• **SUPPLIED MATERIAL**:
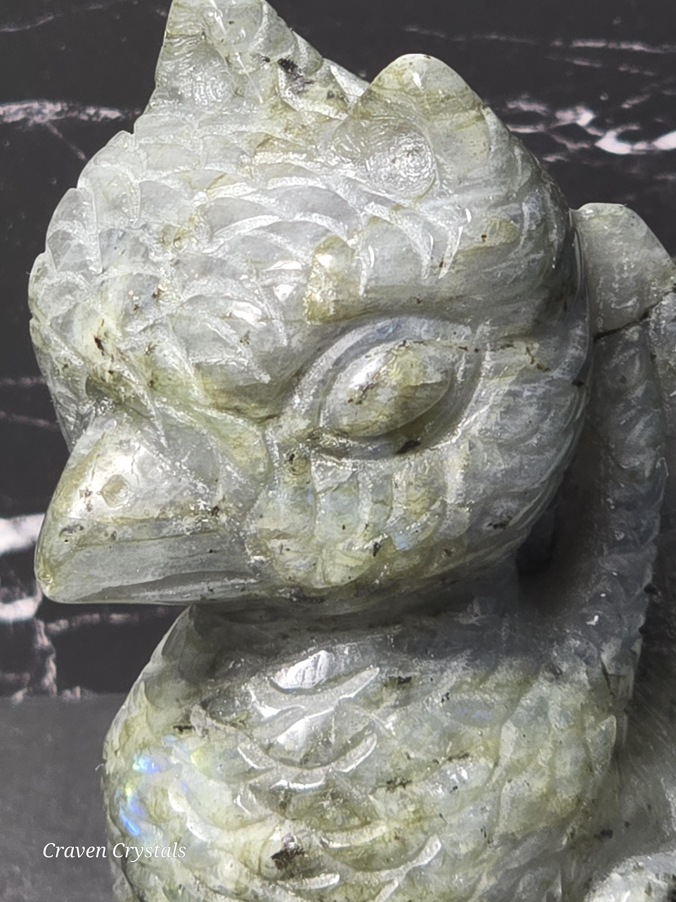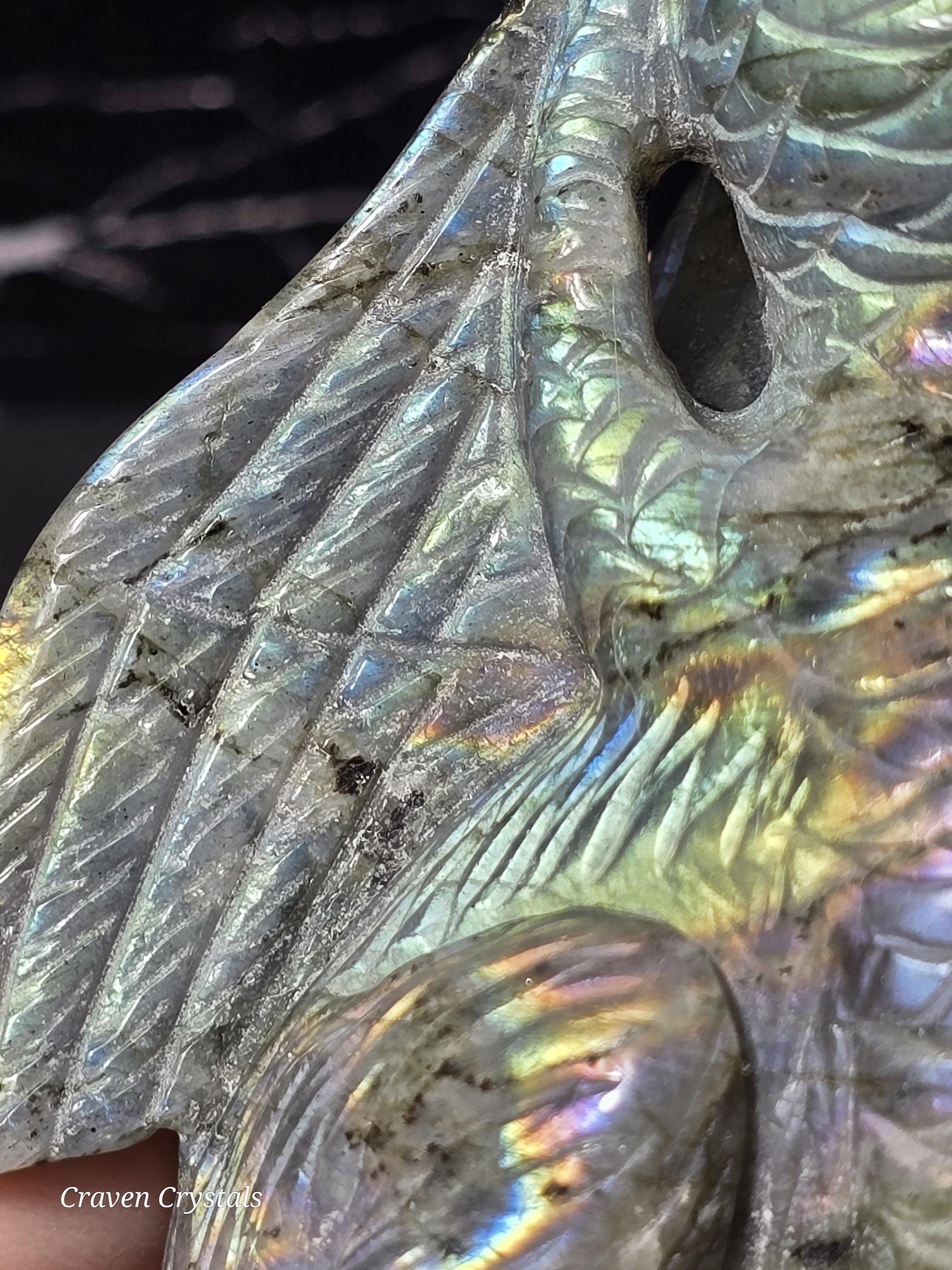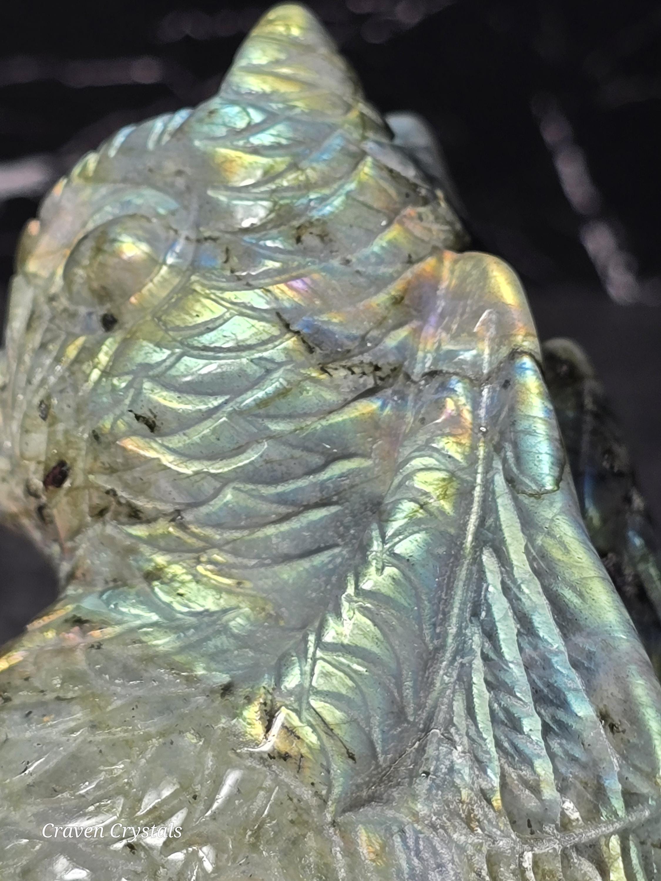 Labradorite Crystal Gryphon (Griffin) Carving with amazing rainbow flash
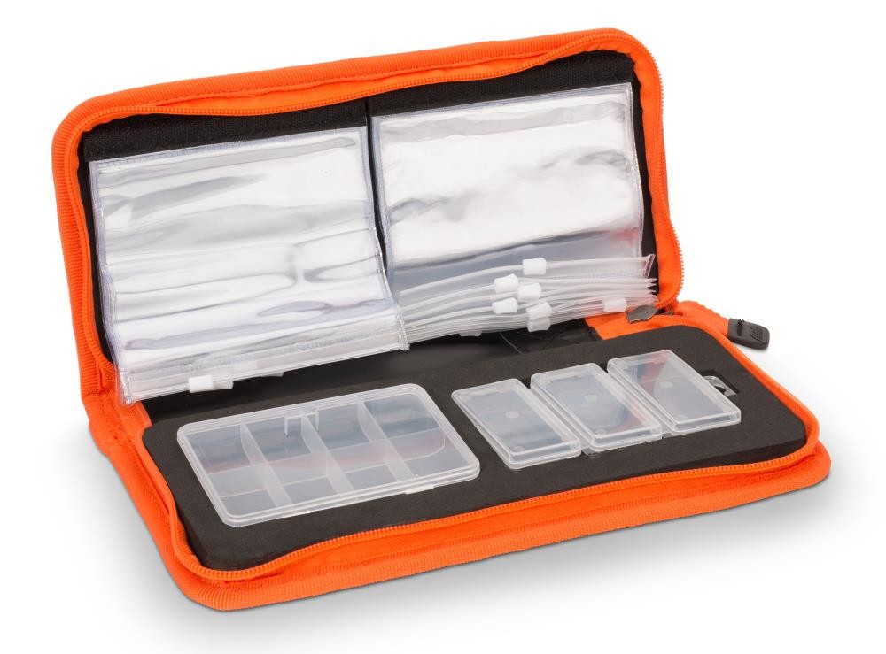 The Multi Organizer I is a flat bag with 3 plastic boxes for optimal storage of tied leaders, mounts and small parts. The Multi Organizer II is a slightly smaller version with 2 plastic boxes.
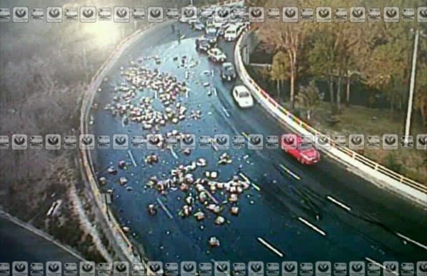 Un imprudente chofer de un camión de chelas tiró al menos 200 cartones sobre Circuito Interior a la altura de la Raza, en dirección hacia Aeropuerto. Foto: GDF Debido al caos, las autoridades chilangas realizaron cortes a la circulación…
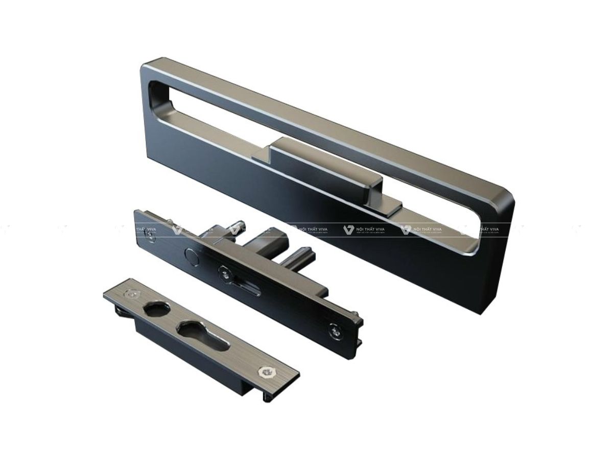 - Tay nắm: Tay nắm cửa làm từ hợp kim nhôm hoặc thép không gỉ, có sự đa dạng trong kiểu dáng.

• **DIRECTIONS FOR THIS TASK**: Your reply should hold exactly the lines from the line containing "The Multi Organizer I is" through the final line of the listing, and none of the pictures.

• **WRITTEN RESPONSE**:
 The Multi Organizer I is a flat bag with 3 plastic boxes for optimal storage of tied leaders, mounts and small parts. The Multi Organizer II is a slightly smaller version with 2 plastic boxes.
 Un imprudente chofer de un camión de chelas tiró al menos 200 cartones sobre Circuito Interior a la altura de la Raza, en dirección hacia Aeropuerto. Foto: GDF Debido al caos, las autoridades chilangas realizaron cortes a la circulación…
 - Tay nắm: Tay nắm cửa làm từ hợp kim nhôm hoặc thép không gỉ, có sự đa dạng trong kiểu dáng.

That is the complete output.